Speaking to Automotive Logistics on a livestream revealing the survey results, Jennings said: “Those top issues are all failures of the tech industry. They speak to technologies that just haven’t delivered. Why should there be a giant IT integration issue? That is a poorly designed solution that really didn’t think about how difficult it is for an OEM or 3PL to take on while they’re trying to build [and move] 1,400 cars a day.”
He added: “It’s like trying to service a racecar while it’s going around the track, that’s what these technology insertions are.”
Jennings acknowledged that ROI for new technologies is hard to prove, but he said “these technology solutions should always give back more than they cost”. He said: “There should never be a lack of budget [for investment in digitalisation]. If you’ve put a dollar in and get two dollars out, then any CFO will sign off on that tomorrow. Operations will sign off on it if you can install it quickly and easily, and purchasing will sign off on it if it doesn’t come with a multi-million price tag on day one. This is quite damning to the technology industry.”
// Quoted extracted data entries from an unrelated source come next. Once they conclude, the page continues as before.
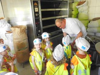 Die Blaumeisengruppe der Kita „Vogelnest“ hat sich in den Juniwochen mit einem kleinen Projekt beschäftigt: „Vom Korn zum Brot“ war das Thema. Die Kinder wollten wissen, wo kommt unser Brot her, was ist im Brot drin, wo kommen die Zutaten her, wo wächst das Getreide. Durch Unterstützung von Eltern aus unserer Gruppe, die uns Material zur Verfügung stellten, gab es schon eine Menge interessante Dinge zu erfahren: welche Getreidearten gibt es, was wird nach der Ernte daraus gemacht, was braucht man für Fahrzeuge auf dem Feld und vieles mehr. Wir haben Getreide gesammelt, uns den Ablauf der vielen Arbeitsschritte vom Korn zum Brot angeschaut, selbst gebacken und Getreidekörner ausgesät. Zum Abschluss des Projektes war ein Besuch beim Igelbäcker von Trebsen, in der Bäckerei Töpfer geplant. Alle waren schon am Morgen aufgeregt, was uns dort wohl erwarten würde. Nach dem Frühstück ging es los. Erst einmal musste der Kinoberg bezwungen werden. Das war ganz schön anstrengend, denn die Sonne schien schon kräftig vom blauen Himmel. Zum Glück ging es gleich wieder Bergab und schnell waren wir am Ziel. In der Bäckerei wartet schon Herr Töpfer mit seinen Helfern auf uns. Alle durften sich in der Backstube umsehen. Herr Töpfer erklärte uns jedes Gerät. Der große Backofen war sogar noch warm und hat die Backstube ganz schön aufgeheizt. Die Knetmaschine wurde angeworfen und wir haben gesehen, wie Brötchen hergestellt werden. Interessant waren für die Kinder auch die vielen Säcke mit unterschiedlichen Getreidesorten und wo diese wachsen, nämlich auf den Feldern um Trebsen und Umgebung. Auch die Mühle zum Getreide mahlen ist nicht weit entfernt. Die Kinder wollten von Herrn Töpfer wissen, wann ein Bäcker aufstehen muss: ganz schön zeitig, mitten in der Nacht. Zum Abschluss gab es noch für alle leckere Pfannkuchen und ein Getränk, damit wir uns gestärkt auf den Rückweg machen konnten. Wir haben viele neue Dinge erfahren und einen interessanten Vormittag erlebt. Vielen Dank an Herrn Töpfer und seine Helfer, dass wir vorbeischauen konnten.
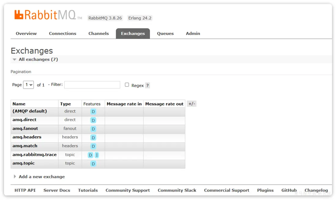 這裏是由控制枱模擬了生產者發送的消息。由於沒有消費者存在,最終消息丟失了,這樣説明交換機沒有存儲消息的能力。
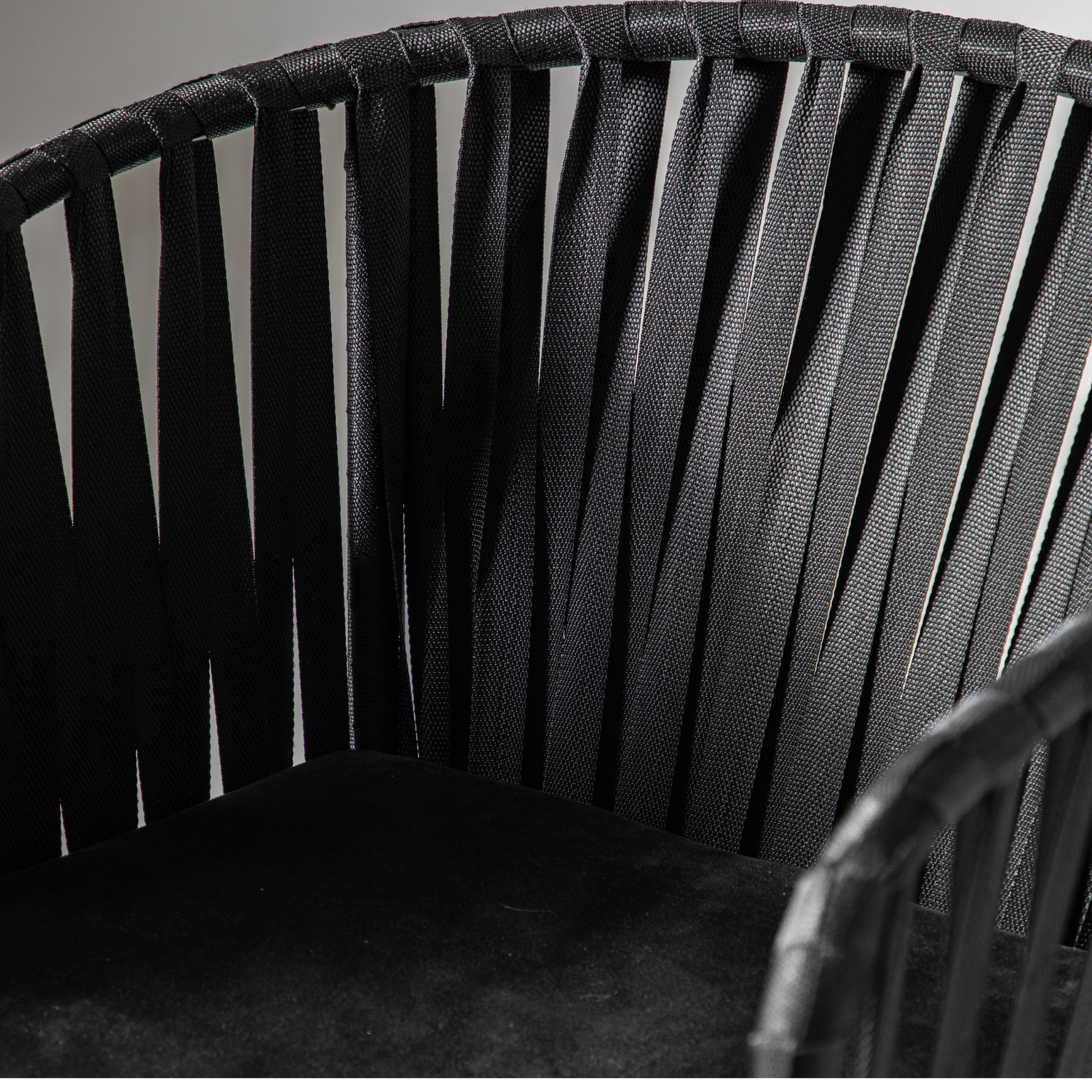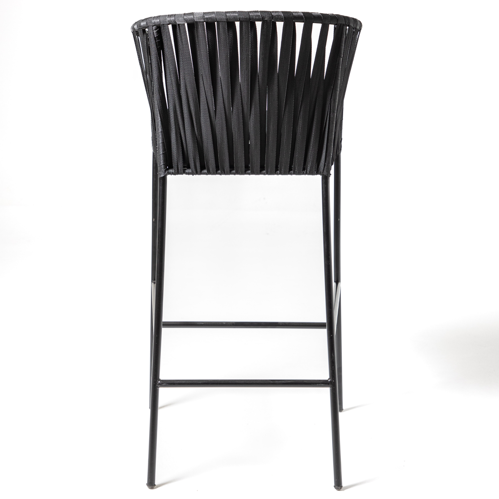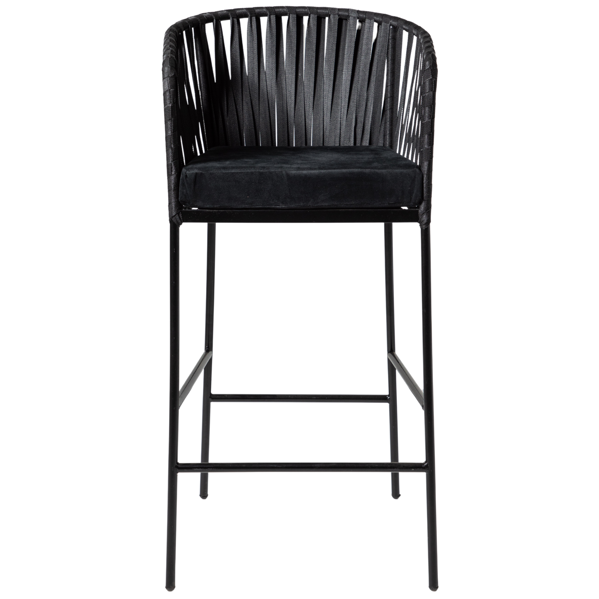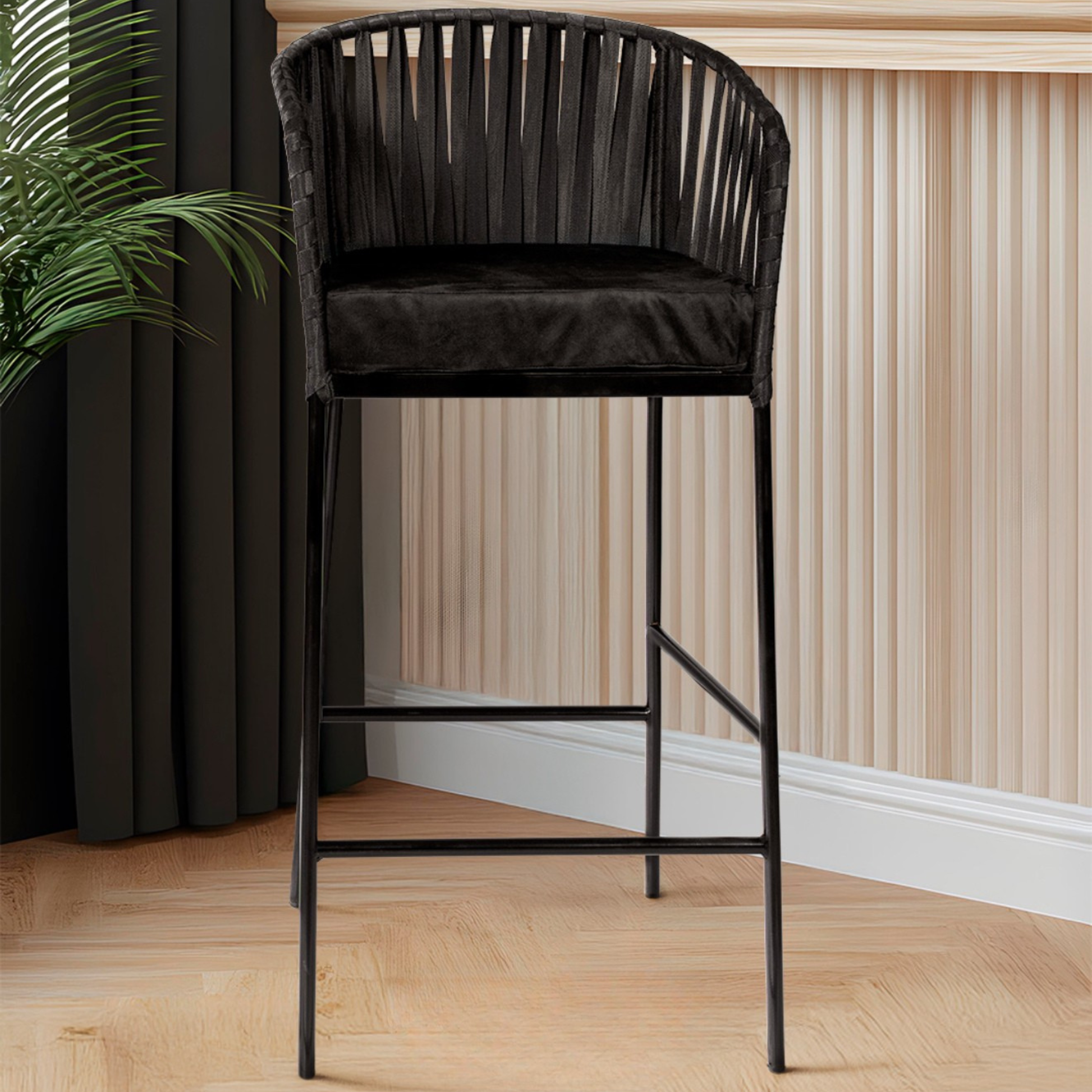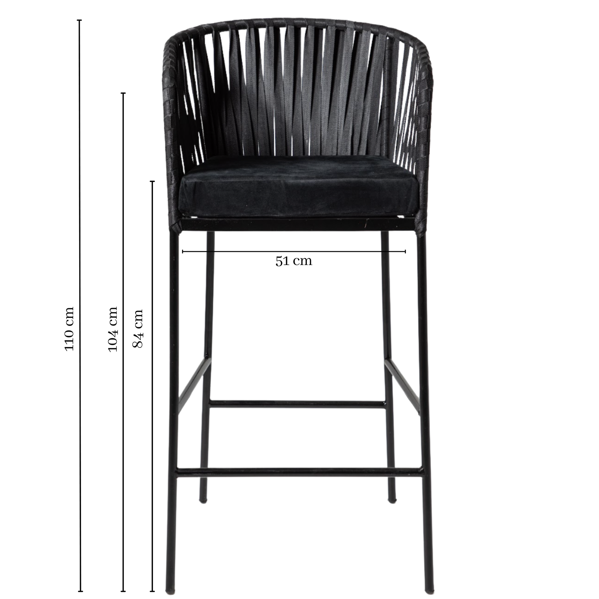 Comodidad absoluta. Es la opción ideal para barras, cocinas abiertas o espacios exteriores con estilo. Su respaldo tejido a mano y estructura metálica crean una pieza versátil que combina funcionalidad y estética.
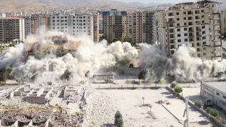 Uzman ekiplerce güvenlik önlemlerinin alındığı binalar 214 kilogram patlayıcı ve 2 bin 600 kapsül kullanılarak ortadan kaldırıldı.

While the first wave of digital technologies focused on “performance at any cost”, Jennings said a new wave of technologies need to understand costs that aren’t just financial, such as the burden of integration and how it affects day-to-day operations. “You can strike off those top barriers as a very bad generation of technology,” he said. “You can strike off ‘lack of budget’ as a very bad business model on the part of the technology providers.”
The only time a barrier to digitalisation that is in the control of the end-users in the FVL sector is an unwillingness to change, with a quarter of respondents stating this resistance to change was a major challenge to their organisation. “That’s in everybody’s control,” said Jennings. “I can’t tell you how many times I’ve been in a company that has bemoaned their technology investment because they feel nothing improved. But when I ask what they did differently they say they didn’t do anything differently because they thought the technology would do it for them. That’s not how it works.”
The FVL industry has a “healthy” attitude towards the visibility that can be achieved through technology and digitalisation, according to Jennings. The survey found that the main corporate initiatives driving investment in the area included visibility, transparency and ETA (73%) and cost reduction and efficiency (61%). Jennings said that digitalisation “should be about visibility, as this drives agility, and agility is what is needed to avoid volatility”. But he said that the level of investment within the sector doesn’t match the high expectation of cost reduction that can be achieved through technology.
He added: “Technology gives you visibility, visibility gives you the opportunity to find new ways of doing things, and new ways of doing things pays you back. Overall, this is a little bit of a black eye for the tech industry.”